Context:
How severe: High
Case: raycluster + raydata + rayjob to create distributed inference task
Depends: python3.10.13, ray2.34.0
Problem description: ray head container exits and restart occasionally when submitting jobs to raycluster using curl. This will cause the job submission failed and also the failures of all running jobs.
Any logs: In general: None. No errors or exceptions in both .out and .err files except: The node with node id: 61d503aa6ca8f1753c9dd8c9d93fcb5ff915850197604ec5f7296526 and address: 172.22.3.35 and node name: 172.22.3.35 has been marked dead because the detector has missed too many heartbeats from it. This can happen when a (1) raylet crashes unexpectedly (OOM, preempted node, etc.) 2 (2) raylet has lagging heartbeats due to slow network or busy workload.

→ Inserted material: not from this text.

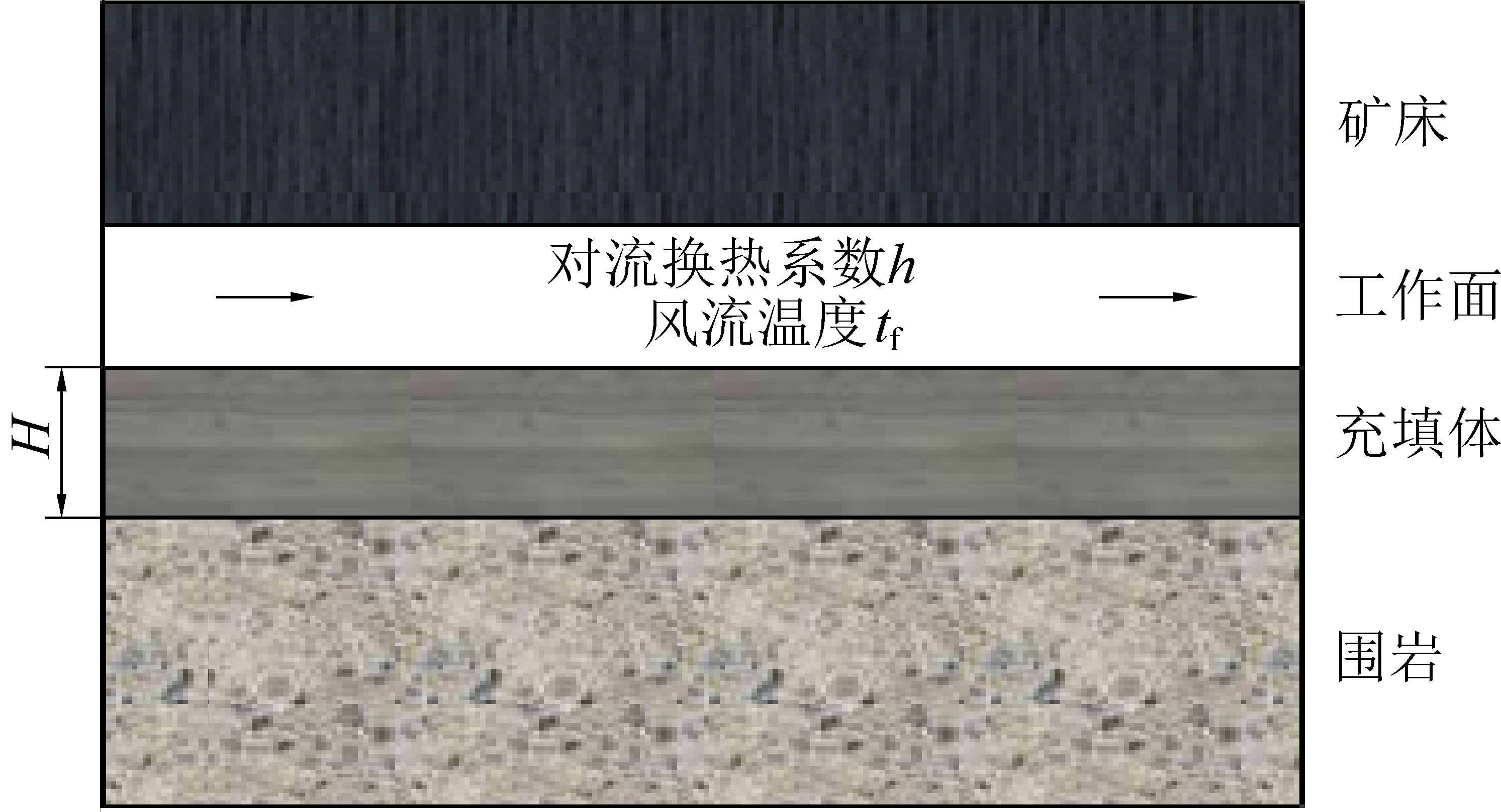 忽略充填体渗流,充填体内部以热传导的方式向风流传递热量,因此充填体内温度分布服从导热微分方程。基于上述假设,可将充填体传热问题简化为有内热源的一维非稳态导热微分方程,内热源为充填体中水泥的水化热,深井充填体传热物理模型如图1所示。

in raylet.out. But I guess this is just a red herring.
Preliminary Investigation: I guess the root cause is the crash of gcs server. But there is no failure message shown in the gcs_server.out. The log basically just shows: [2024-08-30 05:03:56,409 I 27 27] (gcs_server) gcs_actor_manager.cc:1340: Actor created successfully job_id=0e000000 actor_id=42b3aab25a34ba665c6d303f0e000000 [2024-08-30 05:03:56,410 I 27 27] (gcs_server) gcs_actor_manager.cc:357: Finished creating actor. Status: OK job_id=0e000000 actor_id=42b3aab25a34ba665c6d303f0e000000
and ends. Therefore, we cannot validate it and also, we have no idea why it crashes. We basically ruled out the OOM issue given when the crash happens there are plenty of available bytes according to the cluster metrics.
Extra: 1. For FT, we used redis as backend for GCS, we have guessed the connection to redis might be the cause, but still we cannot verify it given there is no error log. 2. From our observation, it happens quite definite when the cluster is idled for a while (probably half an hour) and accept a job submission all of a sudden.
can you supply instructions on how to reproduce this?